----- The data -----

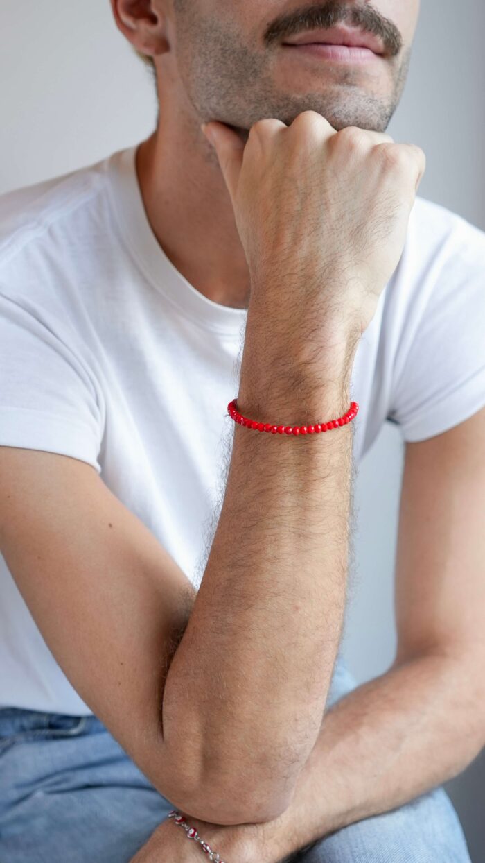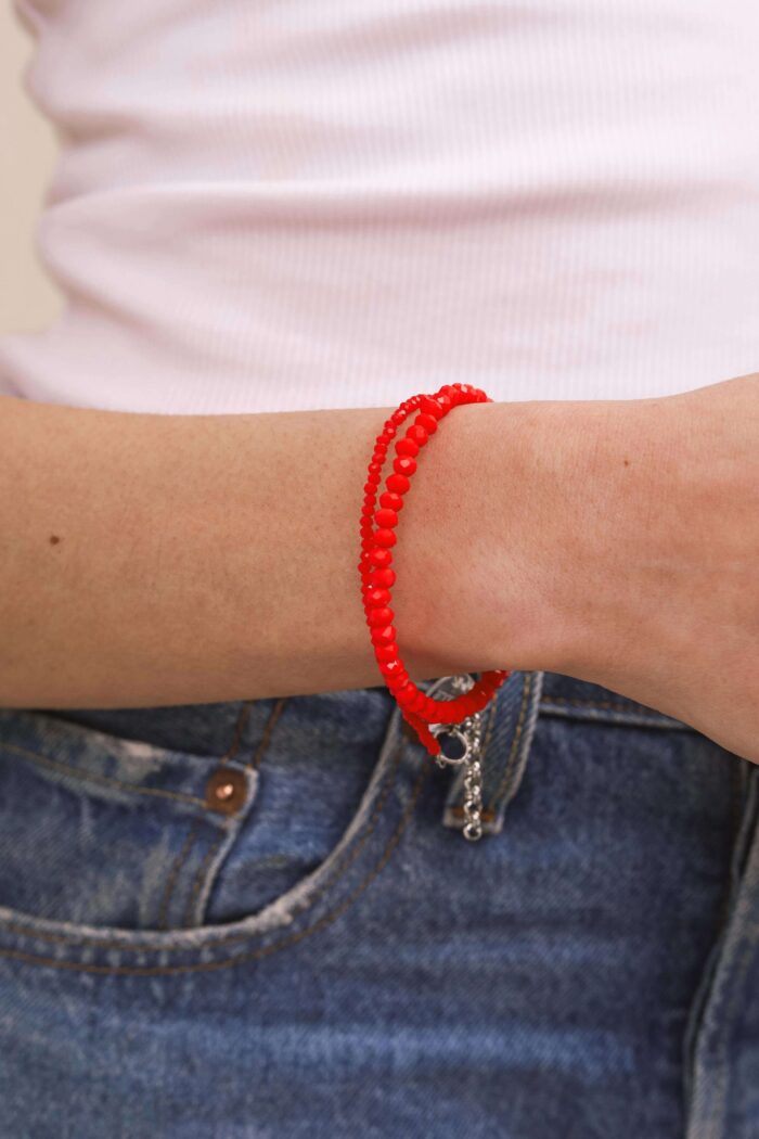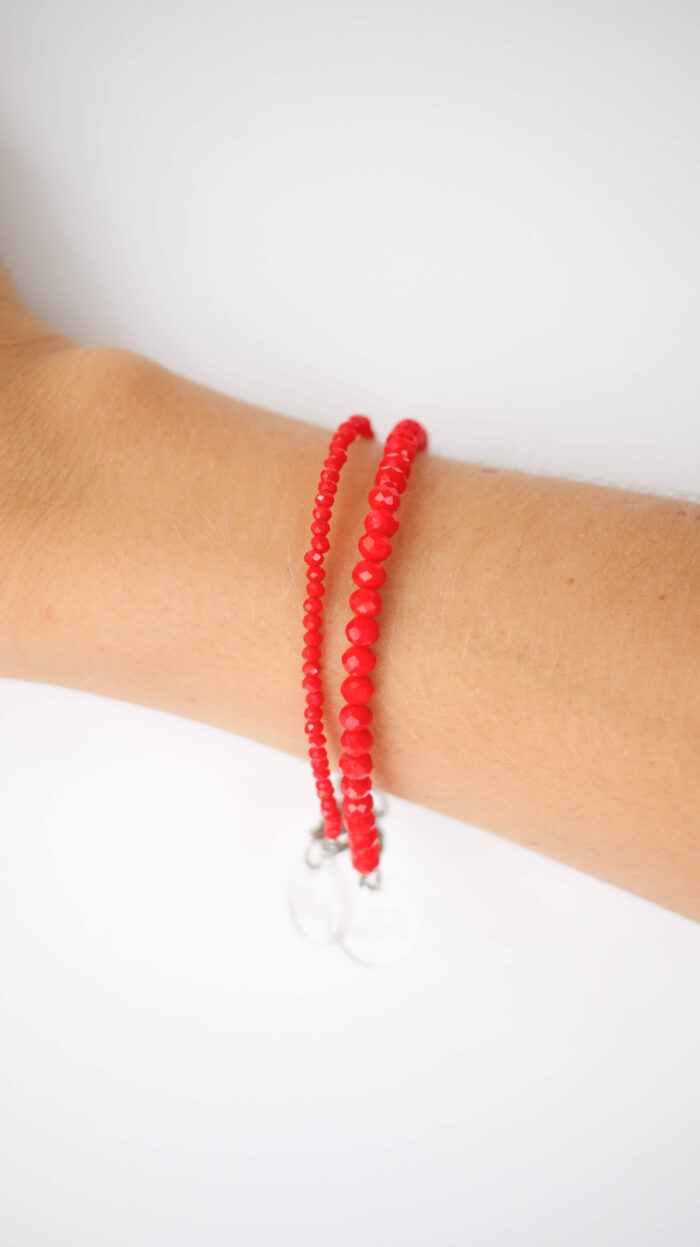 Materiales: Vidrio facetado. Cadena de alargue, argollas y cierre de acero quirúrgico.
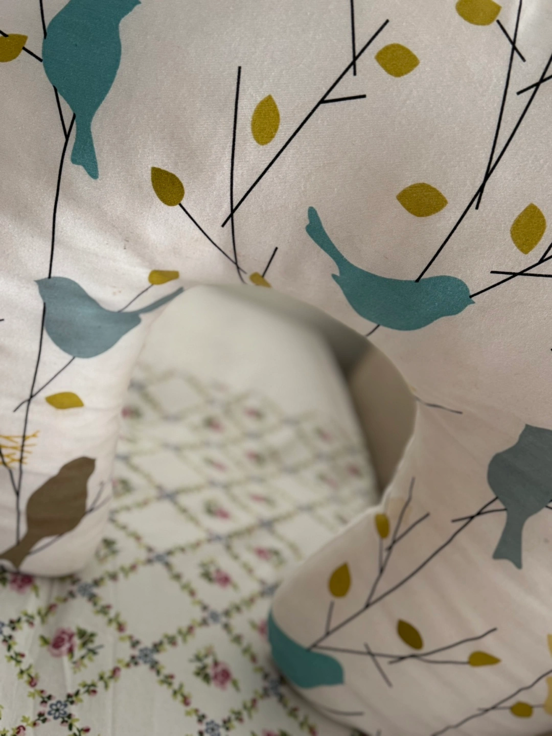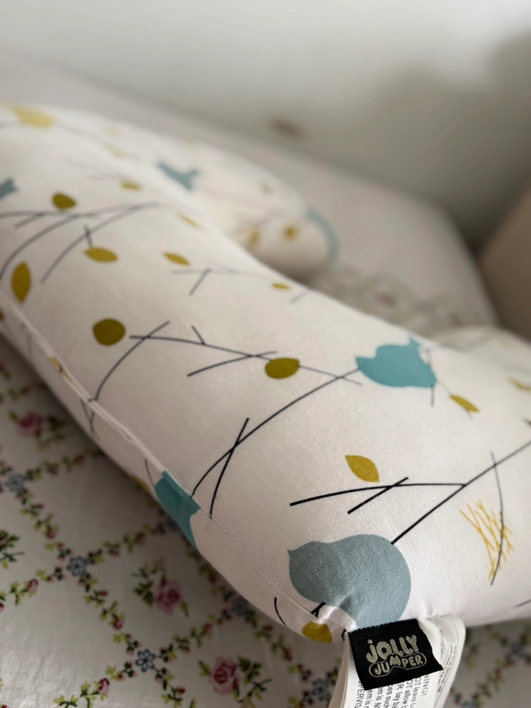 U-shaped nursing pillow. Features a cute bird and leaf print. Excellent for supporting baby during feeding.
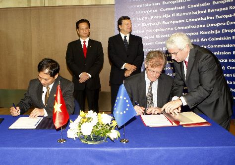 (VOVworld) – Pada 27 Juni di Brusel, Belgia, Menteri Luar Negeri (Menlu) Vietnam Pham Binh Minh dan Komisaris Tinggi urusan politik keamanan dan hubungan luar negeri Uni Eropa, Catherine Ashton resmi menanda-tangani Perjanjian Kemitraan dan Kerjasama menyeluruh Vietnam – Uni Eropa (PCA) dan mengawali proses perundingan tentang Perjanjian Perdagangan Bebas bilateral (FTA). Peristiwa ini membuka satu periode baru dalam hubungan kerjasama antara Vietnam dan Uni Eropa, merupakan prasyarat yang penting bagi Vietnam dan Uni Eropa untuk membentuk berbagai mekanisme kerjasama yang kongkrit, turut memperkuat lebih lanjut lagi hubungan kemitraan dan kerjasama bilateral pada tahun-tahun mendatang.

-----

→ Work request: The lines wanted run from the first one in the material above through the line containing "U-shaped nursing pillow."; give them again exactly, leaving out the pictures.

→ Reply to the exercise:
 Materiales: Vidrio facetado. Cadena de alargue, argollas y cierre de acero quirúrgico.
 U-shaped nursing pillow. Features a cute bird and leaf print. Excellent for supporting baby during feeding.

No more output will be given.